Sekarang, ibu baru sadar bahwa ada kesalahan paradigma dalam memandang kecerdasan seseorangi. Dahulu, orang yang dianggap cerdas adalah orang yang menguasai matematika dan ilmu alam. Selain dua ilmu tadi, dianggap manusia yang tidak cerdas. Ternyata pandangan itu keliru karena sebagaimana yang kemukakan Howard Gardner bahwa kecerdasan adalah hal yang bersifat majemuk (multiple intelligences). Masing-masing manusia membawa bakat dan kecerdasan masing-masing. Lihat saja orang-orang keren yang kamu lihat di tivi.

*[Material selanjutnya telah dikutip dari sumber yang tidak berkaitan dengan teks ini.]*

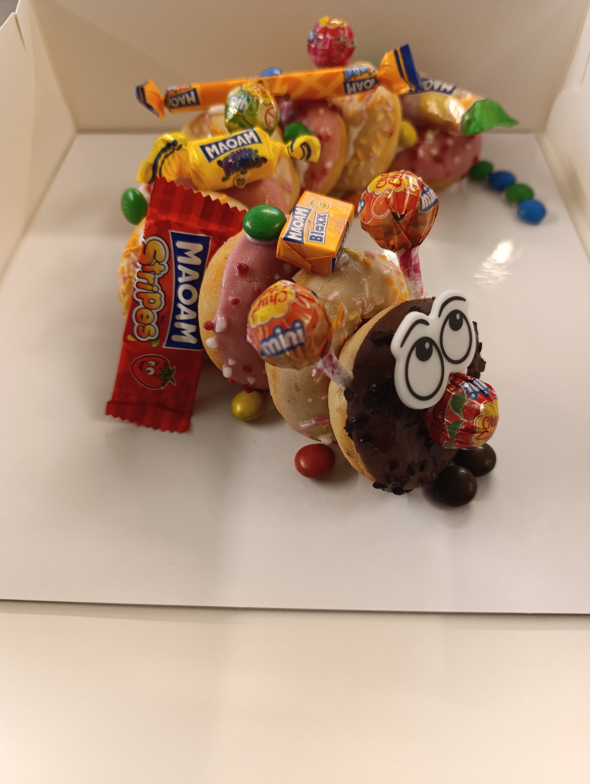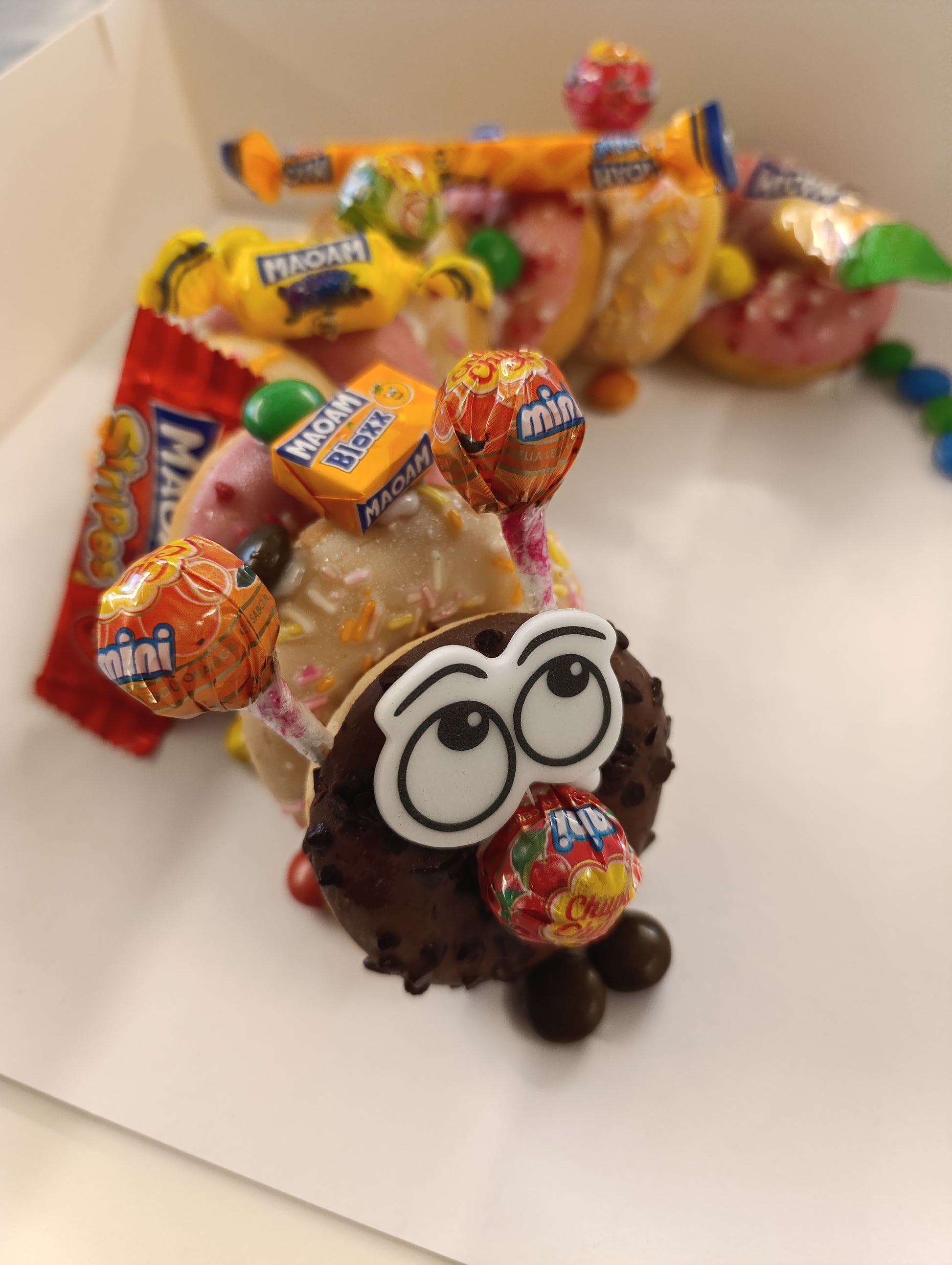 Bestaand uit 9 mini donuts in verschillende kleuren.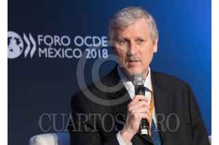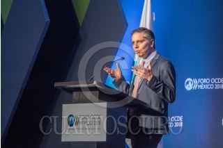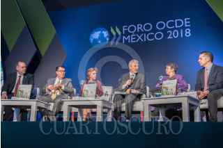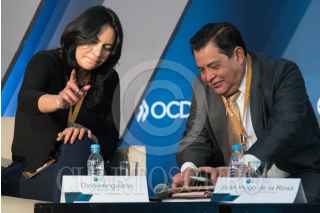 CIUDAD DE MÉXICO, 13MARZO2018.- Dione Anguiano, jefa delegacional de Iztapalapa, y Juan Hugo de la Rosa, presidente municipal de Nezahualcóyotl, durante su participación en la mesa de diálogo "Impulsar el desarrollo de las regiones: hacia un federalismo eficaz y transparente", en el marco del Foro OCDE México 2018. FOTO: MARIO JASSO /CUARTOSCURO.COM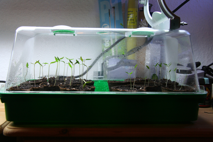 Meine sind ganz ohne Anzuchtkasten gewachsen, nur zum Keimen hatte ich eine Folie drüber.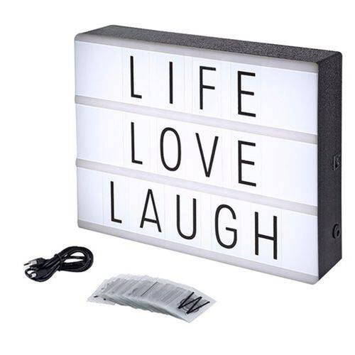 Luminária Led Lightbox Cinema A4 + 96 Letras e Números Coloque suas mensagens pessoais no centro das atenções com esta caixa de luz. São três painéis para inserir letras, ícones ou símbolos, permitindo que você coloque a frase que você quiser ou exiba seus ícones favoritos. Itens inclusos: - Luminária Light Box, - 96 slides letras, números e símbolos , - Cabo USB. Tamanho: - 30cm x 22cm x 4cm, - A4 Energia: - Cabo Usb Incluso ou Pilha AA Não inclusa Ean: 7854198742005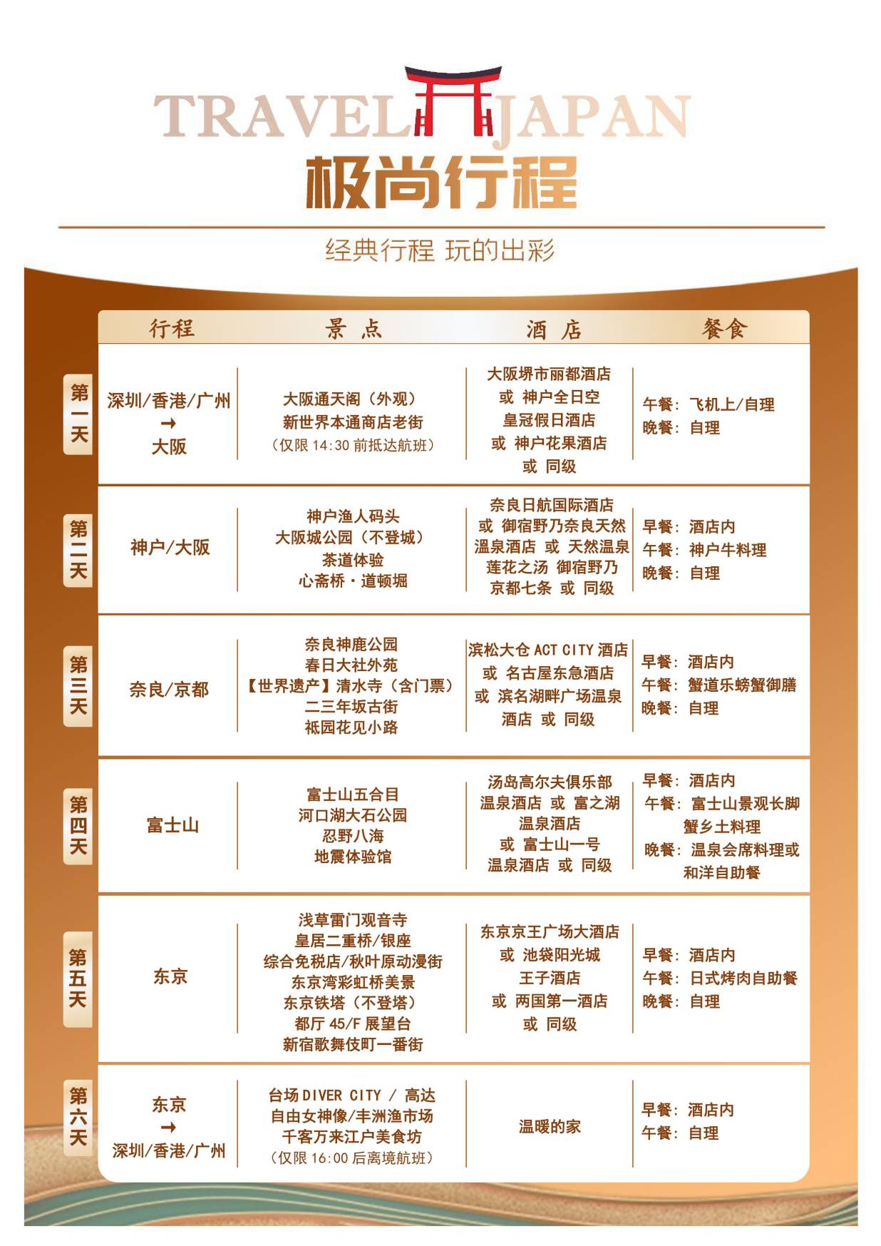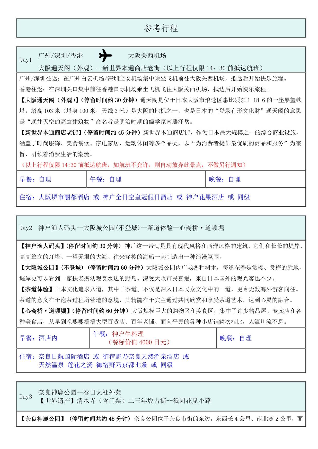 3. 根據最後確定航班,行程大阪進(jìn)、東(dōng)京出或者東京進、大阪出。我(wǒ)司有權調整景點前後次序。

Ada yang pandai bermusik, jago akting, jago menulis, jago berdebat, menguasai bahasa asing, dan sebagainya. mereka adalah orang-orang cerdas di bidangnya"

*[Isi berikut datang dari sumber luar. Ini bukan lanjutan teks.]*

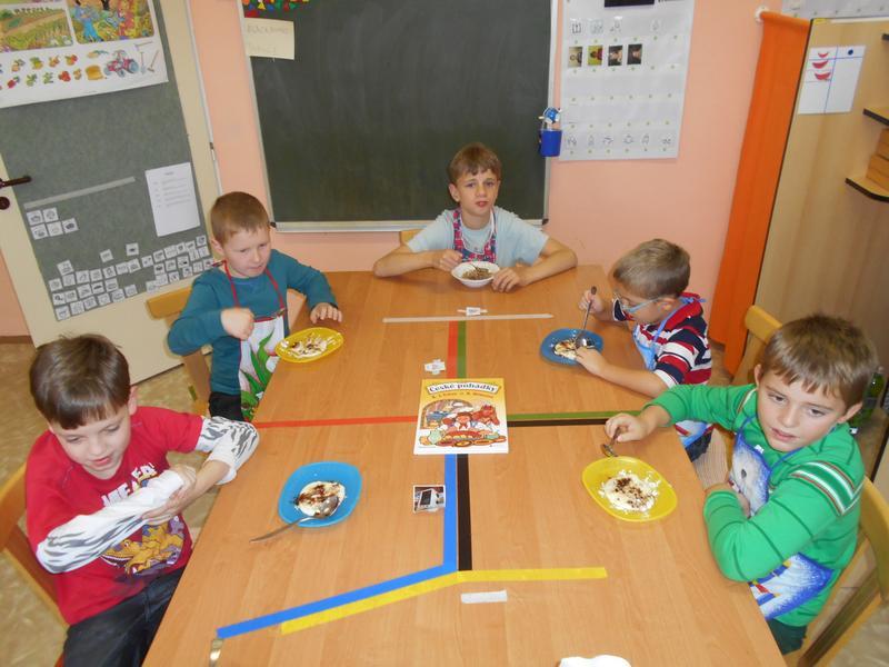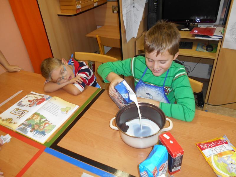 V X. třídě jsme si po přečtení zahráli na Hrnečku, vař! Z toho byli všichni nadšení a nakonec se jen olizovali. Nutno dodat, že na rozdíl od pohádky nám ale kaše neutekla :-).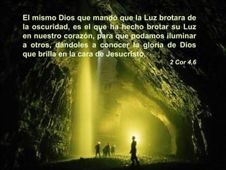 El documento habla sobre cómo Dios manifiesta su poder a través de la debilidad humana. Citando 2 Corintios 4, señala que aunque llevamos un tesoro espiritual en cuerpos débiles, Dios usa nuestras limitaciones para mostrar su fuerza. También cita 2 Corintios 12 donde Pablo dice que cuando es débil, es fuerte, porque la gracia de Dios es suficiente y se manifiesta más en la debilidad. El documento anima a confiar en el poder de Dios en las dificultades y experimentar su fuerza,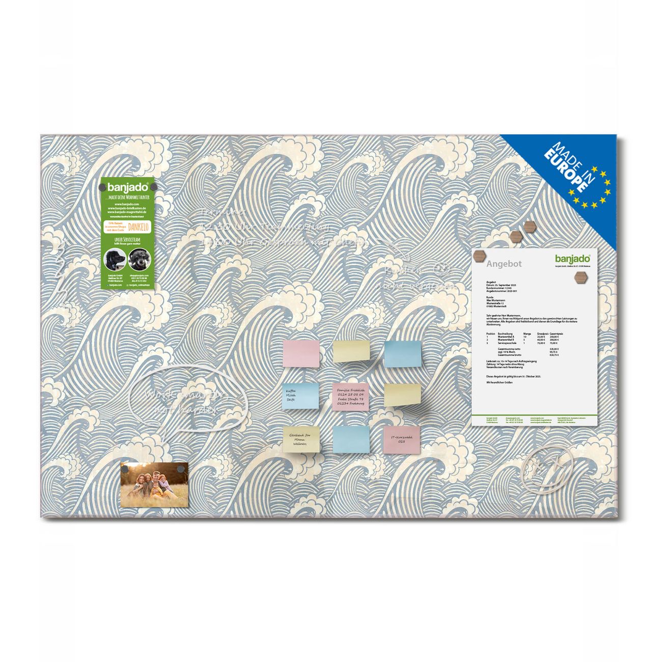 Glas Magnettafel im Querformat Motiv Blaue Wellen

"Wah, berarti aku boleh masuk IIS ya bu? Nggak papa?"
"Kalau kamu keturunan ibumu... kayaknya memang lebih cocok mengembangkan kecerdasan di wilayah ilmu sosial. Siapa tahu, suatu saat kamu meneruskan cita-cita ibu semasa kecil dan bisa menjadi politikus yang benar-benar cerdas dan punya komitmen tinggi pada negara!"
"Oke okee... aku nggak malu lagi kalau dibilang anak IIS nggak bermutu! Hehe..." serunya girang.